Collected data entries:
• • • • • • •
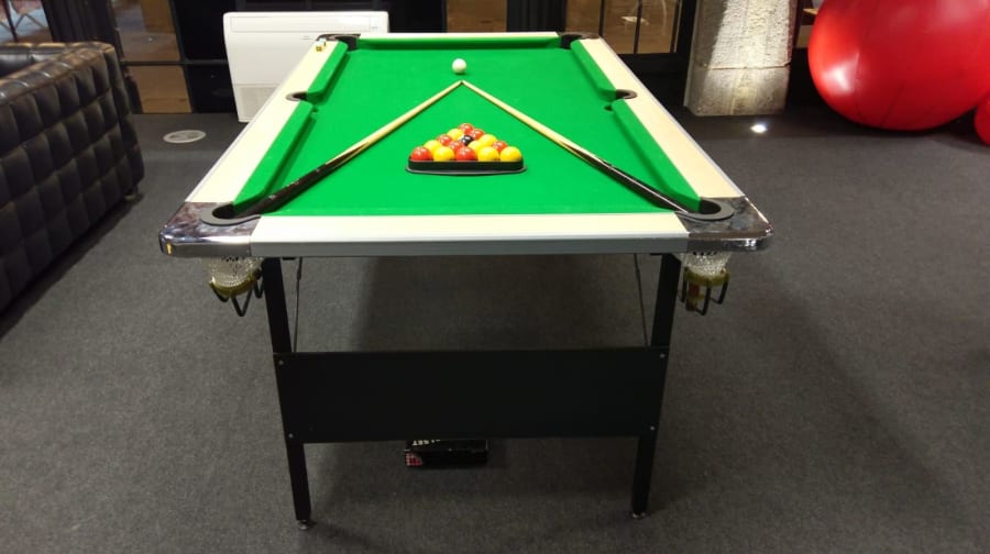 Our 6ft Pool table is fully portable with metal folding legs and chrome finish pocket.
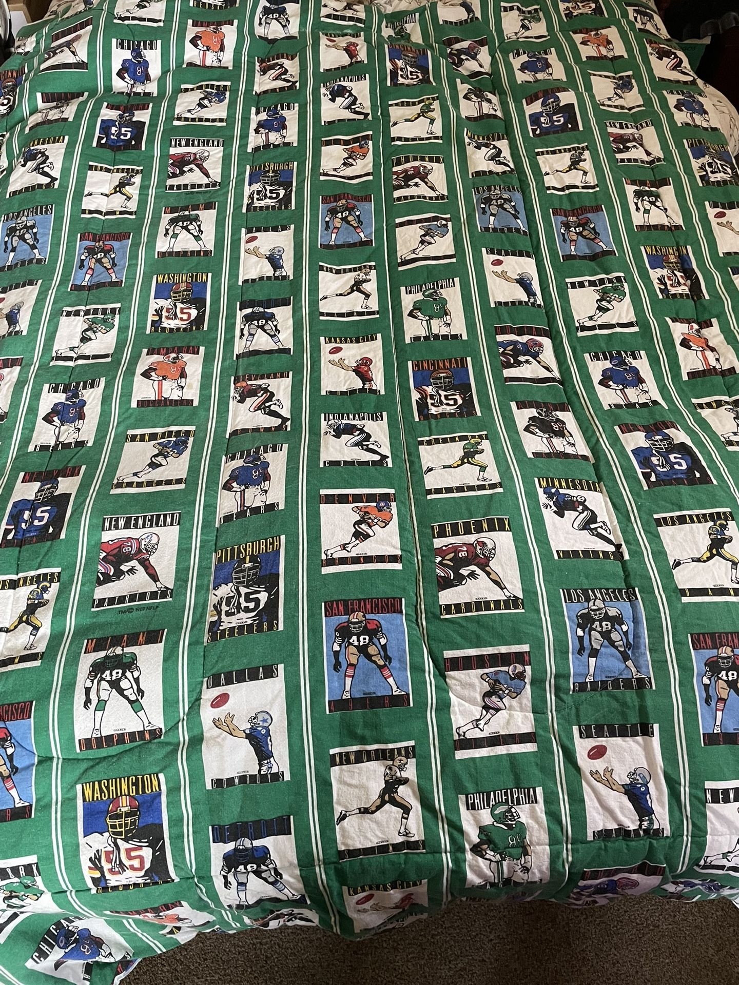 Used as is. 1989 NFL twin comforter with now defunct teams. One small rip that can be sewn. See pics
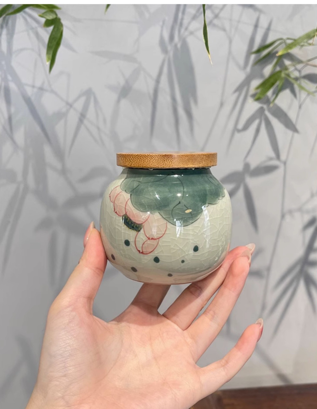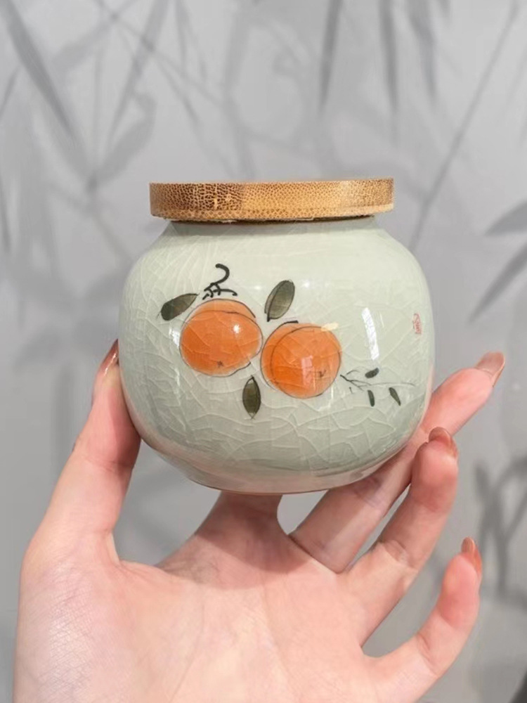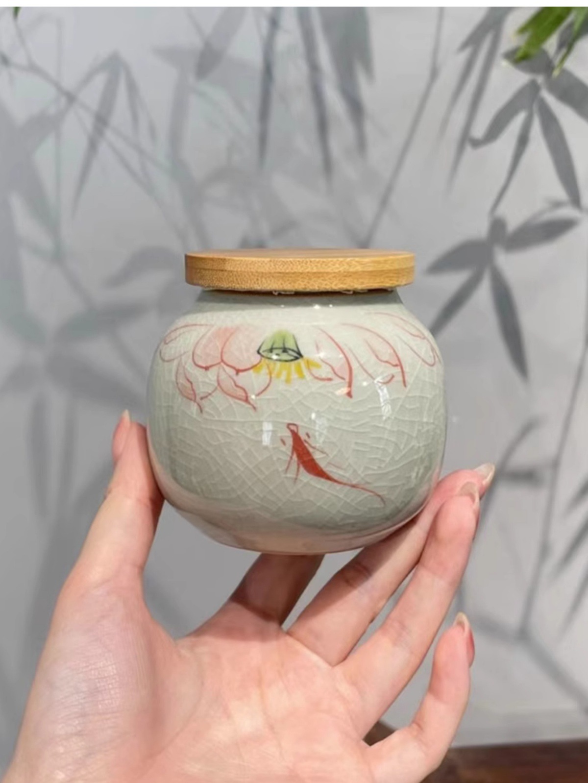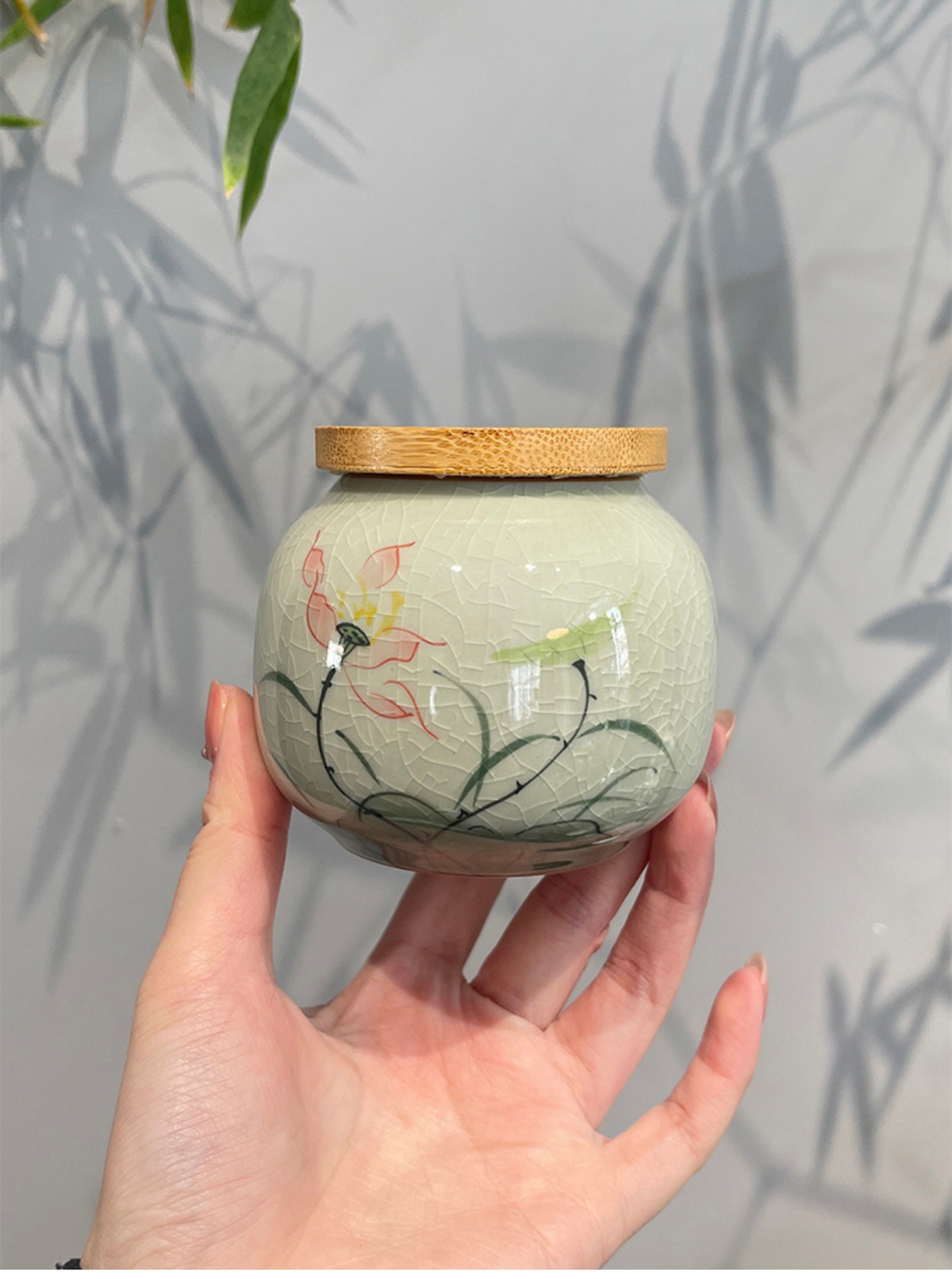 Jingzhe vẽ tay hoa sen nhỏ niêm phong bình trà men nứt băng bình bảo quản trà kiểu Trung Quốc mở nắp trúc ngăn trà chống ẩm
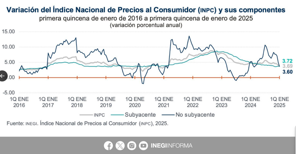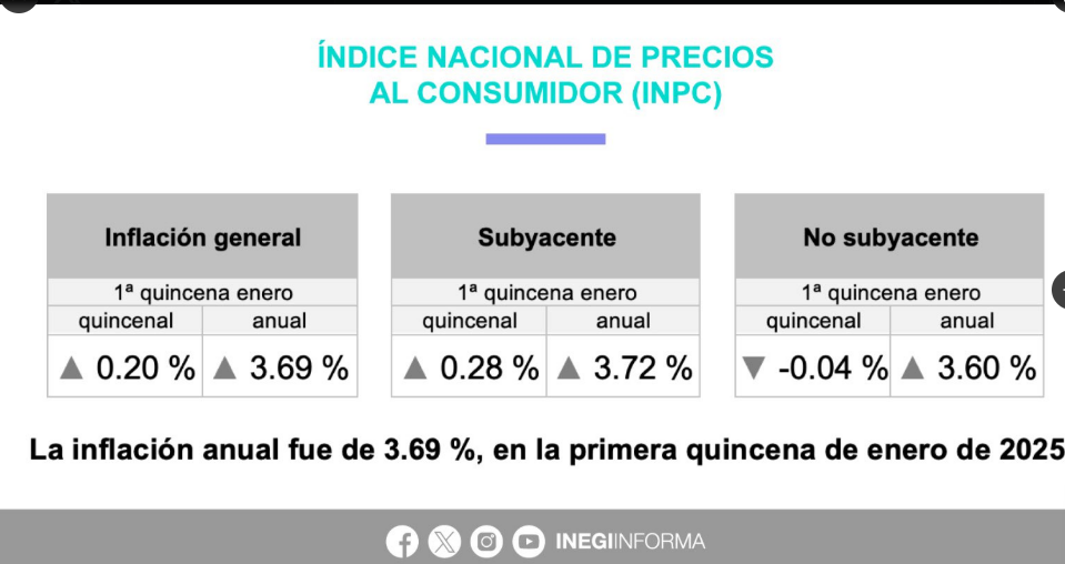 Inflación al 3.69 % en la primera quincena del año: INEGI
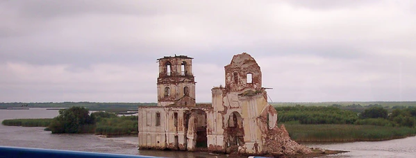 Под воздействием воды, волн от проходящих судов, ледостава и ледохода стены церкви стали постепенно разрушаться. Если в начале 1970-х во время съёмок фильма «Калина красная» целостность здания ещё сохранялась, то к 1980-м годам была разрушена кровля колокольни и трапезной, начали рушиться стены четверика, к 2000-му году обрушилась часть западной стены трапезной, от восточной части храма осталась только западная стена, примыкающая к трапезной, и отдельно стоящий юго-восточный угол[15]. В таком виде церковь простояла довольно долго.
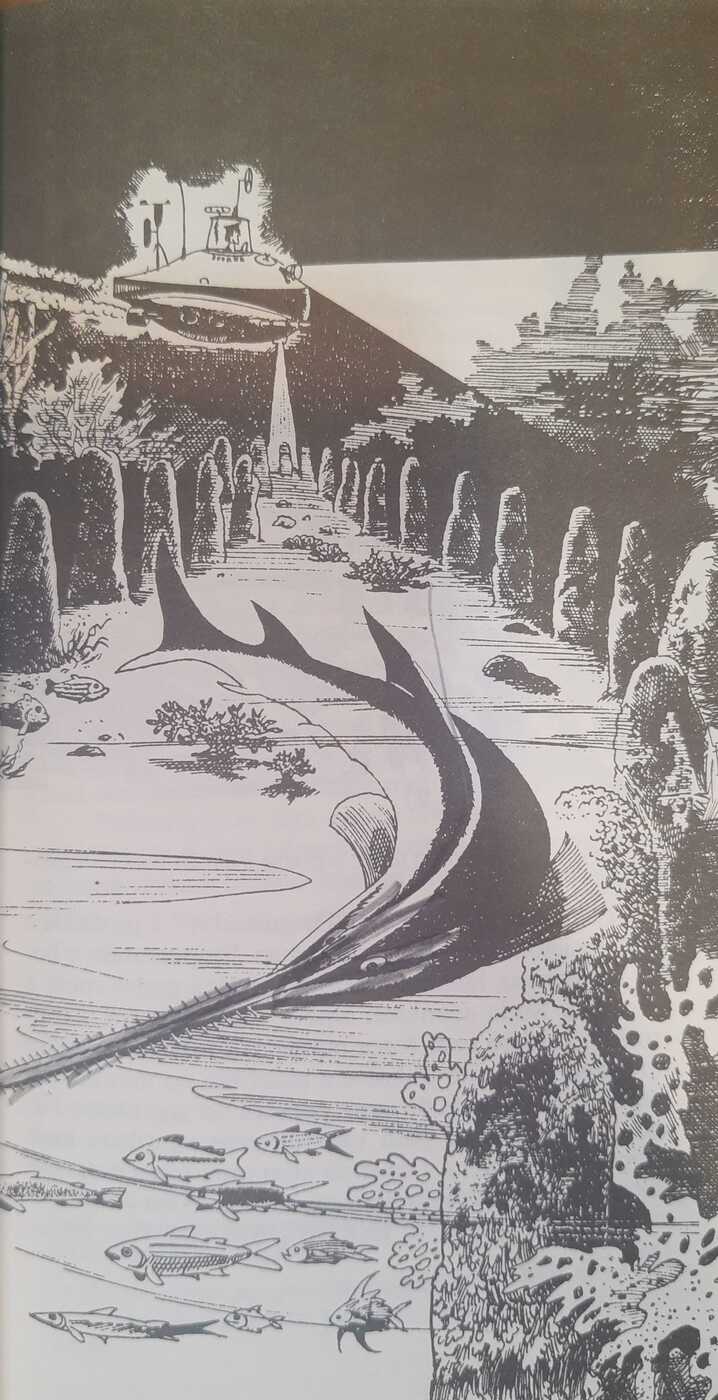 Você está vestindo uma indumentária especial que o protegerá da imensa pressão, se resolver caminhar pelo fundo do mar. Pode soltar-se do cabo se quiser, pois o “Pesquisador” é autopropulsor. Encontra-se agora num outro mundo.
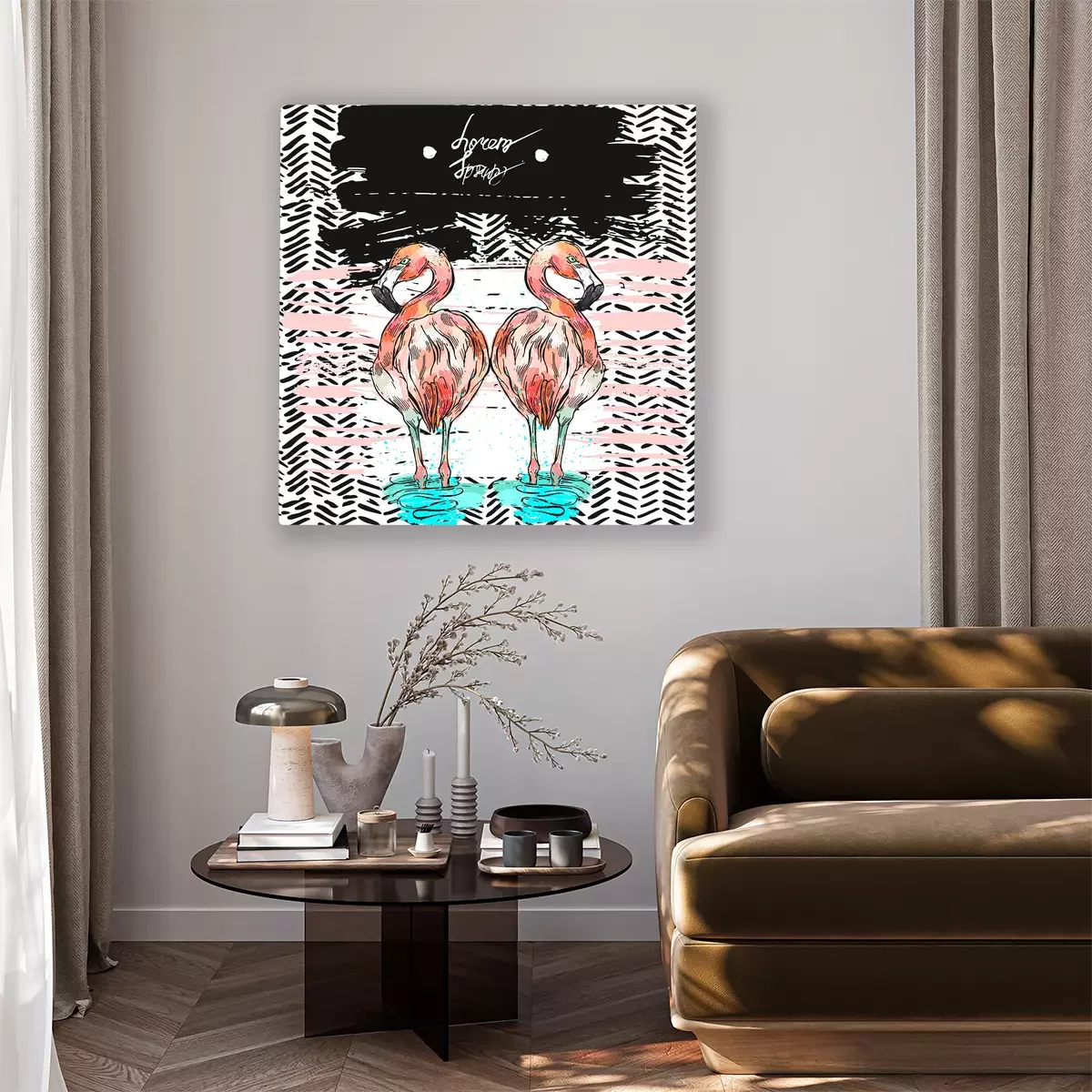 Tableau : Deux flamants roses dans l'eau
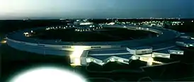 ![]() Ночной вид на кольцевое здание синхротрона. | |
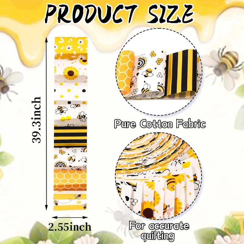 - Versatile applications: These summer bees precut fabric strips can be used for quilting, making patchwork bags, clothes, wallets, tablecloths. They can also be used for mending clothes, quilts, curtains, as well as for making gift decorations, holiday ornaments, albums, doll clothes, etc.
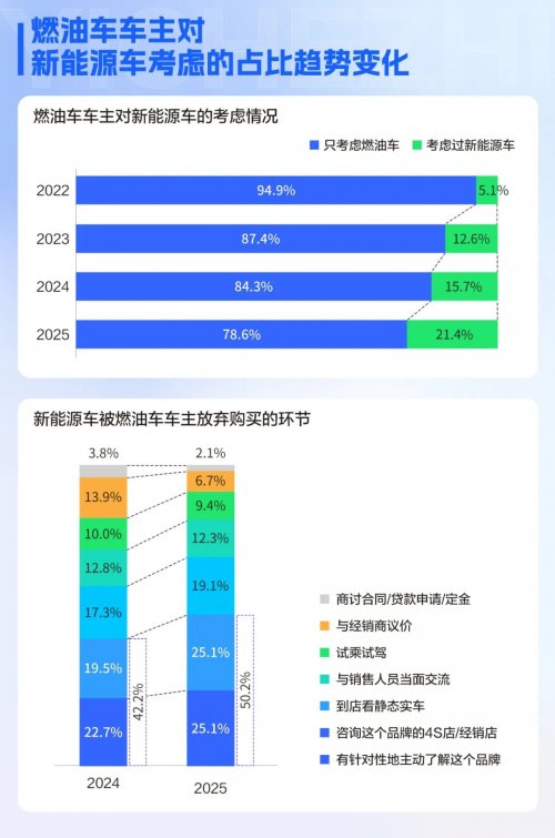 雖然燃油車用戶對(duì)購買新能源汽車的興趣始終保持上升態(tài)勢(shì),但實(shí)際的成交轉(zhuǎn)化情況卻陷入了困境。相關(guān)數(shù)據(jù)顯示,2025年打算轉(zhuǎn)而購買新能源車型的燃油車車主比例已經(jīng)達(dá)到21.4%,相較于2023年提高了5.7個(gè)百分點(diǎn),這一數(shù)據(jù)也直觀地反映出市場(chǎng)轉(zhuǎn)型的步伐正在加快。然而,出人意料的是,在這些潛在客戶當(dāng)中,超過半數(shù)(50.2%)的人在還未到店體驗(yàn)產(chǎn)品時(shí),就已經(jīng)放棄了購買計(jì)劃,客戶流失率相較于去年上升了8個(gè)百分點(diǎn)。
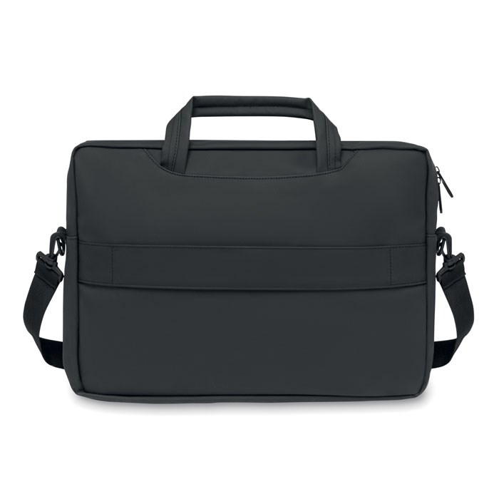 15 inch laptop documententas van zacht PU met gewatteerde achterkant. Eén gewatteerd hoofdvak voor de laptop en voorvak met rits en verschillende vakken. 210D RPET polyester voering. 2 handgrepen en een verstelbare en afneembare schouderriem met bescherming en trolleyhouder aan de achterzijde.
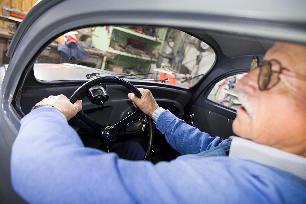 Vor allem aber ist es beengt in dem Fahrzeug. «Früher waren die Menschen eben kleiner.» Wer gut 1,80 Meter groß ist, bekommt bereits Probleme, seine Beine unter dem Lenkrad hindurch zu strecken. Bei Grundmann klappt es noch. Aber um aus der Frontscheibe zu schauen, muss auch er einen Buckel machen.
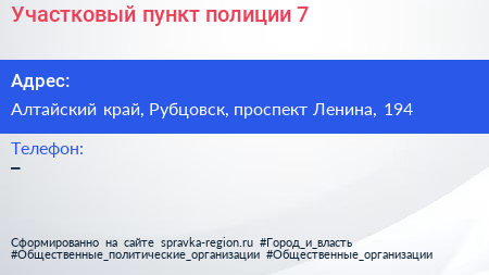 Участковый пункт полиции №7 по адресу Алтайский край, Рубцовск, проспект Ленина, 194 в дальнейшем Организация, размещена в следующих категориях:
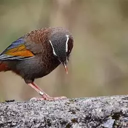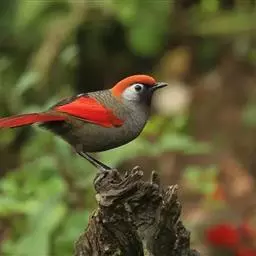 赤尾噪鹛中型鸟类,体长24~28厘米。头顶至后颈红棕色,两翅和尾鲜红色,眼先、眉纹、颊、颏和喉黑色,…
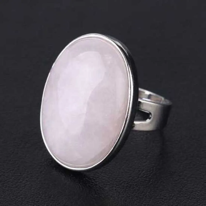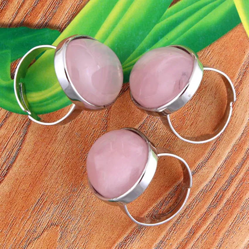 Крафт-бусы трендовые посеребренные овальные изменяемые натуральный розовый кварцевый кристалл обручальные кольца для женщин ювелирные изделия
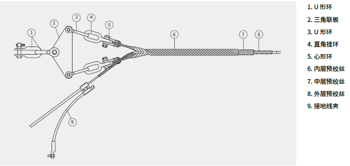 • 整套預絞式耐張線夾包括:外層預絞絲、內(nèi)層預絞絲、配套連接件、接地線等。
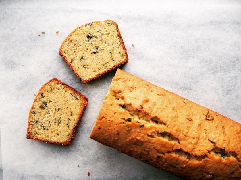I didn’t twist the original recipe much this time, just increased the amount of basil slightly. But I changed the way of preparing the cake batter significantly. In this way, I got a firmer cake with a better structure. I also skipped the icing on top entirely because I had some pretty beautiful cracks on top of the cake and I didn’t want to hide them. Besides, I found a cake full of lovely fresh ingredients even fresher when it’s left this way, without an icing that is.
• • • • • • •
Aim of the task: Without any pictures, output the entries above exactly as they appear.

Your solution:
 Our 6ft Pool table is fully portable with metal folding legs and chrome finish pocket.
 Used as is. 1989 NFL twin comforter with now defunct teams. One small rip that can be sewn. See pics
 Jingzhe vẽ tay hoa sen nhỏ niêm phong bình trà men nứt băng bình bảo quản trà kiểu Trung Quốc mở nắp trúc ngăn trà chống ẩm
 Inflación al 3.69 % en la primera quincena del año: INEGI
 Под воздействием воды, волн от проходящих судов, ледостава и ледохода стены церкви стали постепенно разрушаться. Если в начале 1970-х во время съёмок фильма «Калина красная» целостность здания ещё сохранялась, то к 1980-м годам была разрушена кровля колокольни и трапезной, начали рушиться стены четверика, к 2000-му году обрушилась часть западной стены трапезной, от восточной части храма осталась только западная стена, примыкающая к трапезной, и отдельно стоящий юго-восточный угол[15]. В таком виде церковь простояла довольно долго.
 Você está vestindo uma indumentária especial que o protegerá da imensa pressão, se resolver caminhar pelo fundo do mar. Pode soltar-se do cabo se quiser, pois o “Pesquisador” é autopropulsor. Encontra-se agora num outro mundo.
 Tableau : Deux flamants roses dans l'eau
 ![]() Ночной вид на кольцевое здание синхротрона. | |
 - Versatile applications: These summer bees precut fabric strips can be used for quilting, making patchwork bags, clothes, wallets, tablecloths. They can also be used for mending clothes, quilts, curtains, as well as for making gift decorations, holiday ornaments, albums, doll clothes, etc.
 雖然燃油車用戶對(duì)購買新能源汽車的興趣始終保持上升態(tài)勢(shì),但實(shí)際的成交轉(zhuǎn)化情況卻陷入了困境。相關(guān)數(shù)據(jù)顯示,2025年打算轉(zhuǎn)而購買新能源車型的燃油車車主比例已經(jīng)達(dá)到21.4%,相較于2023年提高了5.7個(gè)百分點(diǎn),這一數(shù)據(jù)也直觀地反映出市場(chǎng)轉(zhuǎn)型的步伐正在加快。然而,出人意料的是,在這些潛在客戶當(dāng)中,超過半數(shù)(50.2%)的人在還未到店體驗(yàn)產(chǎn)品時(shí),就已經(jīng)放棄了購買計(jì)劃,客戶流失率相較于去年上升了8個(gè)百分點(diǎn)。
 15 inch laptop documententas van zacht PU met gewatteerde achterkant. Eén gewatteerd hoofdvak voor de laptop en voorvak met rits en verschillende vakken. 210D RPET polyester voering. 2 handgrepen en een verstelbare en afneembare schouderriem met bescherming en trolleyhouder aan de achterzijde.
 Vor allem aber ist es beengt in dem Fahrzeug. «Früher waren die Menschen eben kleiner.» Wer gut 1,80 Meter groß ist, bekommt bereits Probleme, seine Beine unter dem Lenkrad hindurch zu strecken. Bei Grundmann klappt es noch. Aber um aus der Frontscheibe zu schauen, muss auch er einen Buckel machen.
 Участковый пункт полиции №7 по адресу Алтайский край, Рубцовск, проспект Ленина, 194 в дальнейшем Организация, размещена в следующих категориях:
 赤尾噪鹛中型鸟类,体长24~28厘米。头顶至后颈红棕色,两翅和尾鲜红色,眼先、眉纹、颊、颏和喉黑色,…
 Крафт-бусы трендовые посеребренные овальные изменяемые натуральный розовый кварцевый кристалл обручальные кольца для женщин ювелирные изделия
 • 整套預絞式耐張線夾包括:外層預絞絲、內(nèi)層預絞絲、配套連接件、接地線等。
I didn’t twist the original recipe much this time, just increased the amount of basil slightly. But I changed the way of preparing the cake batter significantly. In this way, I got a firmer cake with a better structure. I also skipped the icing on top entirely because I had some pretty beautiful cracks on top of the cake and I didn’t want to hide them. Besides, I found a cake full of lovely fresh ingredients even fresher when it’s left this way, without an icing that is.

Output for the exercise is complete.